Yesterday (16) the STF issued a note saying that the protests of Brazilians against ministers in New York were manifestations of “intolerance and violence”. In the few lines signed by Minister Rosa Weber, one can also read this excerpt that will enter the Annals of Brazilian Juridical Cynicism (volume 13): “Democracy, founded on the pluralism of ideas and opinions, to legitimize dissent, proves to be absolutely incompatible with acts of intolerance and violence, including moral violence, against any citizen”.

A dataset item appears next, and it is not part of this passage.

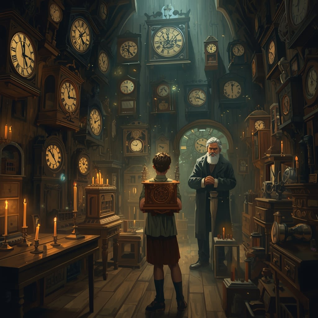 Inside, the air smelled of polished wood and old paper. Rows of clocks lined the walls—grandfather clocks, cuckoo clocks, pocket watches—all ticking in perfect harmony. Behind a cluttered counter stood an elderly man with silver hair, his eyes twinkling beneath thick spectacles.
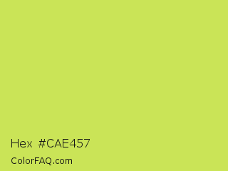Hex #cae457 Color is a light lime color and the nearest color is June Bud #bdda57. Hex code #cae457 and RGB value is rgb(202,228,87). In RGB color space, this color is composed of 79% red, 89% green, 34% blue, In CMYK color space, this color is composed of 11% cyan, 0% magenta, 62% yellow , 11% black , In HSL color space, this color has a hue angle of 71° , 72% saturation and 62% lightness.

We even give a discount because we know that the Minister of platitudes is café au lait. Even so, the concepts and language used in the note are troubling. After all, it seems that our supreme ministers do not understand the meaning of very important words for the proper functioning of the truly democratic gear, such as tolerance. Worse: the note speaks of “moral violence” as if the STF were not one of the three pillars of the Republic, the “white head” power par excellence and a place occupied by mature people and in full enjoyment of their mental and emotional faculties, and yes a safe space for fragile children.
In addition, what does Minister Rosa Weber mean by “pluralism of ideas and opinions” ? Does she know that such dissent, the same as legitimate democracy, presupposes the coexistence conflicting of antagonistic ideas? Rather, I will speak in a way that even Minister Rosa Weber can understand: once upon a time there was a very silly and ugly idea, which wanted to win over other ideas based on physical violence, institutionalized shut-up and legal persecution. Then, through democratic dissent, a better idea (an idea of freedom, perhaps?) came and won. And everyone lived happily ever after. The end.
Democratic anger
“But what about swear words? You’re not going to talk about the profanity? You have to talk about the profanity, man! From the injuries. From the attack on the honor of ministers. Of verbal violence. Do des-res-pei-to!”, says one of those people who separate syllables when they want to emphasize something and who really believe that Alexandre de Moraes deserves a statue (equestrian?) in a public square. To which I respond with the annoying obviousness of common sense: swear words are wrong, reprehensible, regrettable, shameful, etc. But they are also understandable. Very understandable.
We are facing a crowd that feels wronged and, without knowing how to express it, does what they can. That is, it makes use of the freedom guaranteed by a Constitution immune to the alexandrices of life (the North American one) to make it clear that the absolute power of the ministers of the Supreme Court is not welcome. And it’s no use coming up with the lame excuse of being “protecting democracy”.
It’s a crowd that doesn’t feel that it was just defeated at the polls; she feels that she was defeated long before leaving home and facing long queues to cast her vote in the TSE’s infallible and unquestionable machines. It is a crowd that, in the face of successive mockery, from the “temporary censorship” to the STF minister’s dinner with the PT lawyer, has nowhere to turn. Especially because, in a real democracy, they would appeal precisely to the ministers of the Federal Supreme Court. That is, those who have the greatest attribution to protect ordinary citizens from possible abuses committed by the State and its agents.
Co-opted by a political group (leftists, communists, progressives, petistas – call it what you will) and intoxicated with pride, however, the highest instance of Brazilian Justice is no longer capable of producing… justice. In the face of this, how can you not understand profanity? Name-calling is the last resort of a population that for years has seen prudence, meekness, logic and even legal doctrine being ignored or replaced by the voluntarism of dictators in toga.
As well as the politics is war by other means, in the context of the supreme riot in New York the word foul is habeas corpus by other means. I give this the rather uncreative name of “democratic wrath”: a frightening monster that slept in a splendid cradle until it was awakened by the ambition of ministers who consider themselves crusaders of this pathetic PT revolution.
The text is over
The text is over and all, but there’s a little bit of reasoning left here and, well, since the Lula government is a harbinger of lean cows, it’s not worth wasting it anything. It’s a silly, simple, random thing. So silly, simple and for nothing that I don’t even know why I’m writing. But I am.
It so happens that, taking into account the mastodontic vanity of our judges, I was imagining their shame before the justices of the Supreme Court of the United States and of all the places to which the images of the protests may have arrived. Because, you know, they might not give a shit about me and you, but they’re totally dependent on accepting the image they project to the world.